Desconfia
9.10.15
Tu, mochileira, que estas há um mês a viajar sozinha. Lonely travelers, chamam-vos. Um dia alguém, quem sabe invadido por uma bondade genuina, pergunta: “Queres que segure a tua mochila?”, e quando percebes já disseste que não. Claro que não. Tu e a tua mochila são só um. Ela é, na verdade, a tua única conexão com a realidade. Sem ela andarias sem rumo. Sem dinheiro, passaporte, internet, água e comida. A mochila é a tua casa, a tua essência, talvez. O remédio para as horas mortas, o entretenimento para os autocarros intermináveis. A última coisa que pensas antes de dormir e a primeira que tocas ao acordar. Os mais pícaros até lembrariam daquelas noites de sono leve e preocupado onde a mochila foi como um filho protegido pelo abraço apertado.
Não, disseste. Porque não confias. Nem naquele desconhecido com cara de bonachão, nem nos amigos de há mais de dois ou três dias (toda uma eternidade para estes tempos). Não confias em ninguém, em suma. Só em ti.
Viajar sozinha tem este ponto amargo, acido, ruim. Quando tu es a tua unica voz, o teu proprio doubleckeck, o teu diabo e o teu grilo falante. Quando tudo depende de ti e de mais ninguém, desconfias. Sempre.
Daquele senhor que pergunta de onde vens, que quer ajudar-te com o mapa. Da idosa que te oferece comida, que te põe uma pulseira no braço. Da rapariga que pousa para a tua foto (pedirá dinheiro?), do menino que brinca entre as tuas pernas (estão a tentar distrair-te?). Da senhora que te recomenda um restaurante (o que ganha com isso?), do mochileiro que diz que gostou do tour (essa gente gosta de tudo), do turista que diz que é barato (aposto que é rico e não tem criterio), do que fala bem de um hostel (talvez a sujidade não lhe incomode), do copo de agua que não sabes de onde vem, da comida que aparece sem ter passado pela cozinha. Do caramelo. Do desconto. Do kilo de fruta demasiado barato. Quando te apercebes passas o dia a desconfiar, a pôr cara seria, a tentar, tantas vezes sem sucesso, que não te roubem. Dinheiro, tempo, animo e felicidade.

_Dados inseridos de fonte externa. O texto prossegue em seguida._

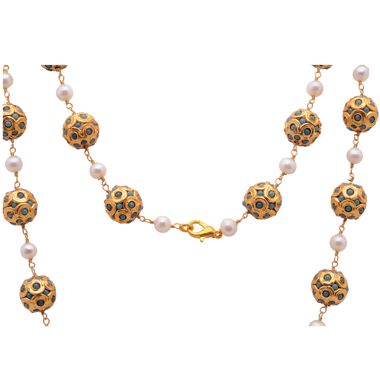 Gehna Jaipur Pearl & Turquoise Stone Studded Jadau Balls Necklace Earring & Bracelet For Girls & Women LN01-1130
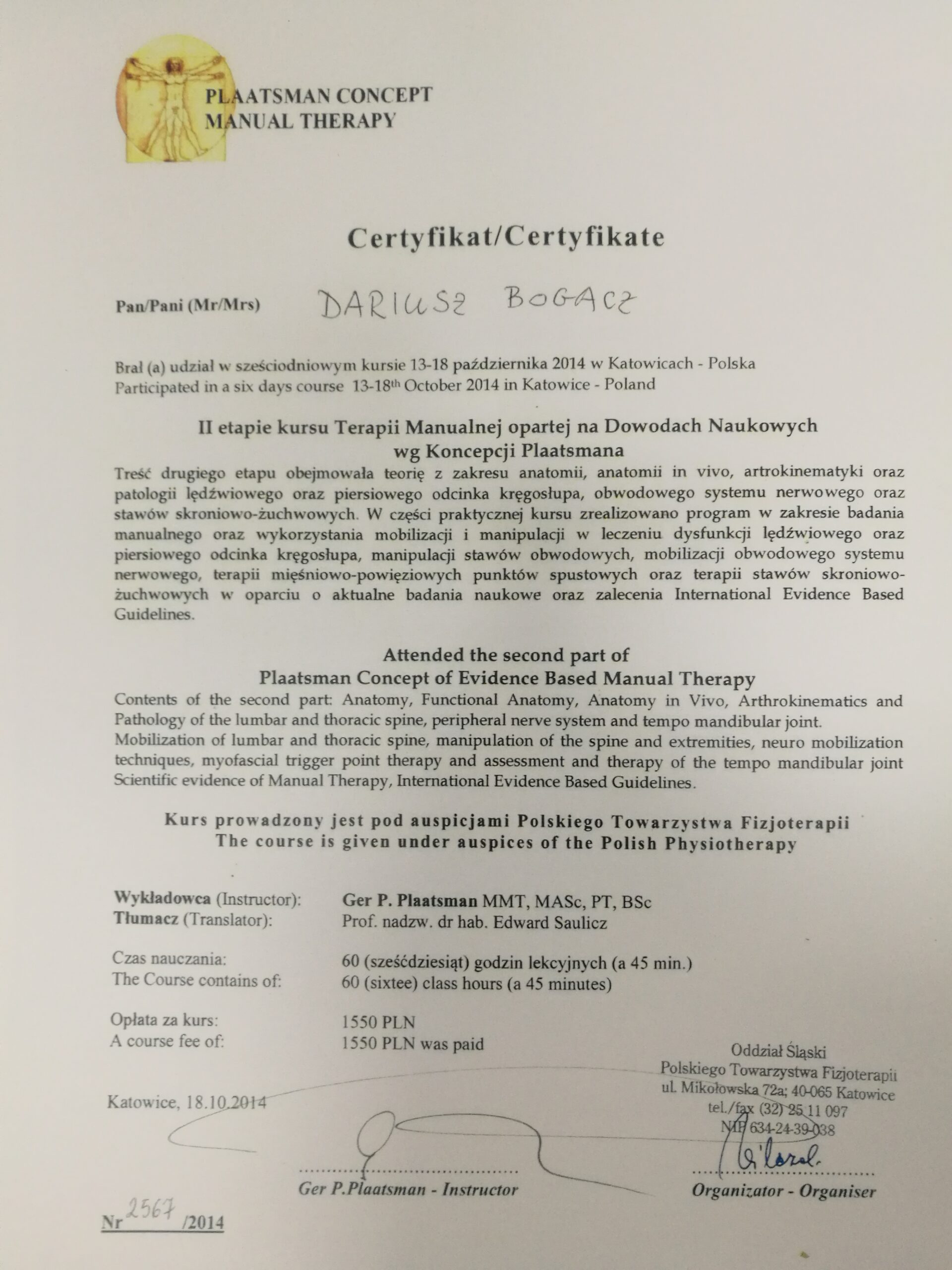 W FizjoStrefie stawiamy na ciągły rozwój i aktualną wiedzę medyczną. Regularnie uczestniczymy w specjalistycznych kursach, szkoleniach i konferencjach z zakresu ortopedii, traumatologii, terapii manualnej, osteopatii oraz fizjoterapii dziecięcej. Dzięki temu możemy oferować naszym pacjentom najskuteczniejsze i najbardziej aktualne metody leczenia, oparte na światowych standardach i dowodach naukowych.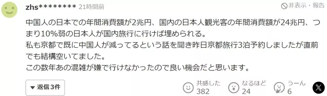 还有网友开始拿数字算账:“中国人在日本的年消费额约为2兆日元,而日本国内游客的年消费额约为24兆日元,也就是说,只要不到10%的日本人去国内旅行,就能弥补这部分缺口。我也听说京都的中国游客已经减少,所以昨天预订了京都三晚的旅行,临近出发的时候仍然有不少空房。这几年因为拥挤而不敢去,现在正好是一个好机会。”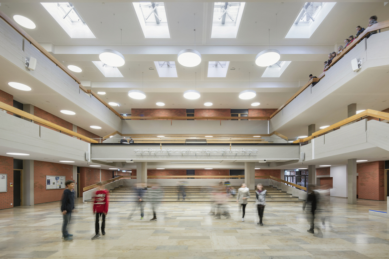 Die Realschule Forchheim gilt als typisches Beispiel für Schulbauten Anfang der 70er Jahre mit Sichtbeton sowie einer ansprechenden Natursteinverkleidung. Bei der energetischen Sanierung lag die Herausforderung darin, die unter Urheberrecht des Architekten stehende Fassade energetisch zu ertüchtigen und gleichzeitig die gebäudespezifischen Eigenheiten zu wahren. Um die Schule auf heutigen Energetischen Standard zu bringen, wurde die gesamte Fassade mit einer diffusionsoffenen Innendämmung versehen. Wie bei fast allen Bauten dieses Typs entsprach der Brandschutz nicht mehr den heutigen Anforderungen. Hauptaugenmerk lag dabei auf der Sicherung der Fluchtwegsituation in der über drei Geschosse offenen Aula. Das bisherige Lichthofareal wurde zur Schaffung weiterer Schulräume genutzt: In den vorhandenen freien, aber überdachten Innenbereich wurden zwei Geschossdecken eingezogen. Eine komplett erneuerte Sanitäranlage, der Neuaufbau der Wärmeverteilung sowie die Aufrüstung der grundlegenden Elektrotechnik bringen die Georg-Hartmann-Realschule auf das Level einer modernen und gut ausgestatteten Schule, die ihren Schülern nun beste Lernbedingungen bietet.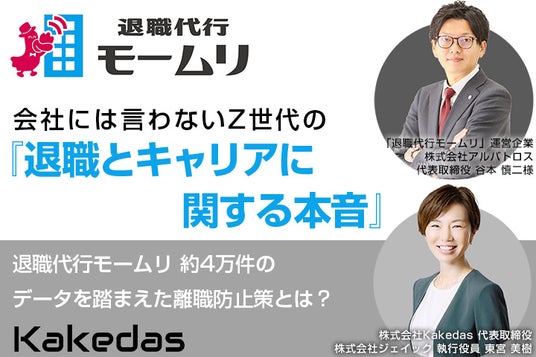 企業向けの教育研修事業と若年層向けの就職支援事業を展開する株式会社ジェイックの子会社である、国内最大級のキャリア面談プラットフォーム「Kakedas(カケダス)」を運営する株式会社Kakedasは、「退職代行モームリ」を運営する株式会社アルバトロス(本社:東京都品川区、代表取締役:谷本慎二)と共催し、7月31日(木)にオンラインにて、「会社には言わないZ世代の『退職とキャリアに関する本音』~退職代行モームリ約4万件のデータを踏まえた離職防止策とは?~」セミナーを開催します。

Madam, hello, madam, dizem. E tu, automaticamente, dizes que não com a cabeça. Fazes bem, viajeira mochileira, é bom desconfiar, ouvir historias e aprender. Mas não te amargues. Aprende a dizer que não com um sorriso e quando te roubem o pagues mais do que o necesario, oh well, como diria o meu Pai... "a vida é injusta".